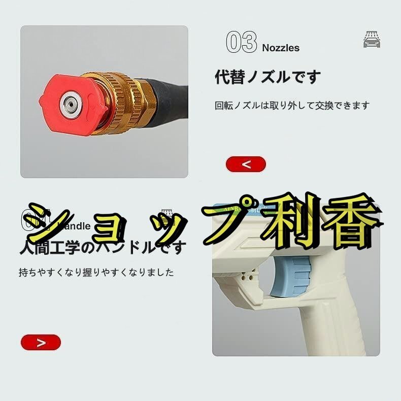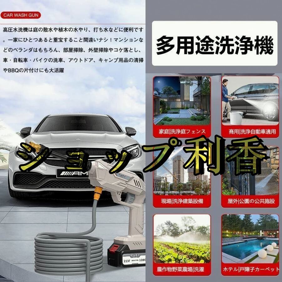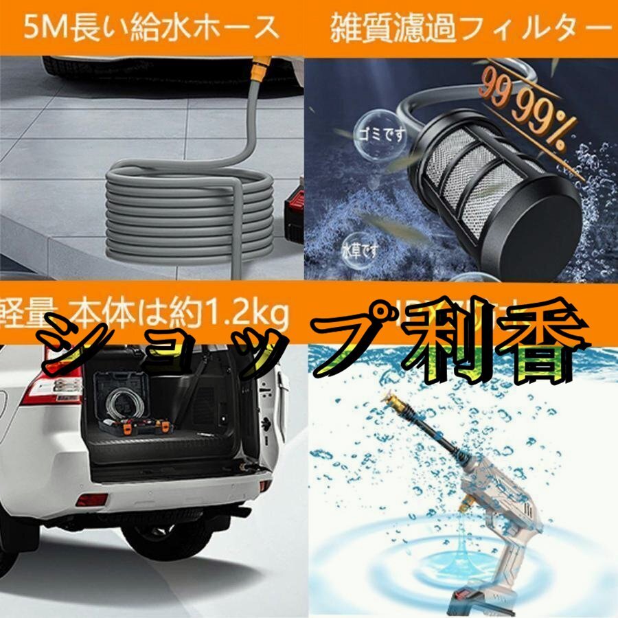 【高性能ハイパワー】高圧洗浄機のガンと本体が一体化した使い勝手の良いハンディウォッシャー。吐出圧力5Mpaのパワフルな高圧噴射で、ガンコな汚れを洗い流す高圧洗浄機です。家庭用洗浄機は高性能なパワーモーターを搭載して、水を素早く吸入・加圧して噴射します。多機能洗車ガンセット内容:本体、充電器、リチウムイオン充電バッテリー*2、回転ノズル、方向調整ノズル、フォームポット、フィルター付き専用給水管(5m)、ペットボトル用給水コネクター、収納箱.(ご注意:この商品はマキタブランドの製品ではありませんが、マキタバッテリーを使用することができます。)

★ ★ ★ ★ ★

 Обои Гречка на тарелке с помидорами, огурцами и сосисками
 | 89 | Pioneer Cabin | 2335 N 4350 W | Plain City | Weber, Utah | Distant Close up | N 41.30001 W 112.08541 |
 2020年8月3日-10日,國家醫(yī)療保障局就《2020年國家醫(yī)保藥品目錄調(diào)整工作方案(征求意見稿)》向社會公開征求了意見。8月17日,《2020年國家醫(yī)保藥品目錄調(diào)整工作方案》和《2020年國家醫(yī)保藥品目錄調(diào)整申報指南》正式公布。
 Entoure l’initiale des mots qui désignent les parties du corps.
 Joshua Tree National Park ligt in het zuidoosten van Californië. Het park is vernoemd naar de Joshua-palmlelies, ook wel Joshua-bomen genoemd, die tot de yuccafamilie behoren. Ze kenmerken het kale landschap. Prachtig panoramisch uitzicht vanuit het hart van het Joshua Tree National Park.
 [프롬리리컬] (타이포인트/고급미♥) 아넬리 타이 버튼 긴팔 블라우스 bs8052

★ ★ ★ ★ ★

_TASK PROMPT_
When you reach the line with "Обои Гречка на" in the records above, start writing out lines exactly, and stop once the line with "[프롬리리컬] (타이포인트/고급미♥) 아넬리" has been written; include nothing else.

_RESULT_
 Обои Гречка на тарелке с помидорами, огурцами и сосисками
 | 89 | Pioneer Cabin | 2335 N 4350 W | Plain City | Weber, Utah | Distant Close up | N 41.30001 W 112.08541 |
 2020年8月3日-10日,國家醫(yī)療保障局就《2020年國家醫(yī)保藥品目錄調(diào)整工作方案(征求意見稿)》向社會公開征求了意見。8月17日,《2020年國家醫(yī)保藥品目錄調(diào)整工作方案》和《2020年國家醫(yī)保藥品目錄調(diào)整申報指南》正式公布。
 Entoure l’initiale des mots qui désignent les parties du corps.
 Joshua Tree National Park ligt in het zuidoosten van Californië. Het park is vernoemd naar de Joshua-palmlelies, ook wel Joshua-bomen genoemd, die tot de yuccafamilie behoren. Ze kenmerken het kale landschap. Prachtig panoramisch uitzicht vanuit het hart van het Joshua Tree National Park.
 [프롬리리컬] (타이포인트/고급미♥) 아넬리 타이 버튼 긴팔 블라우스 bs8052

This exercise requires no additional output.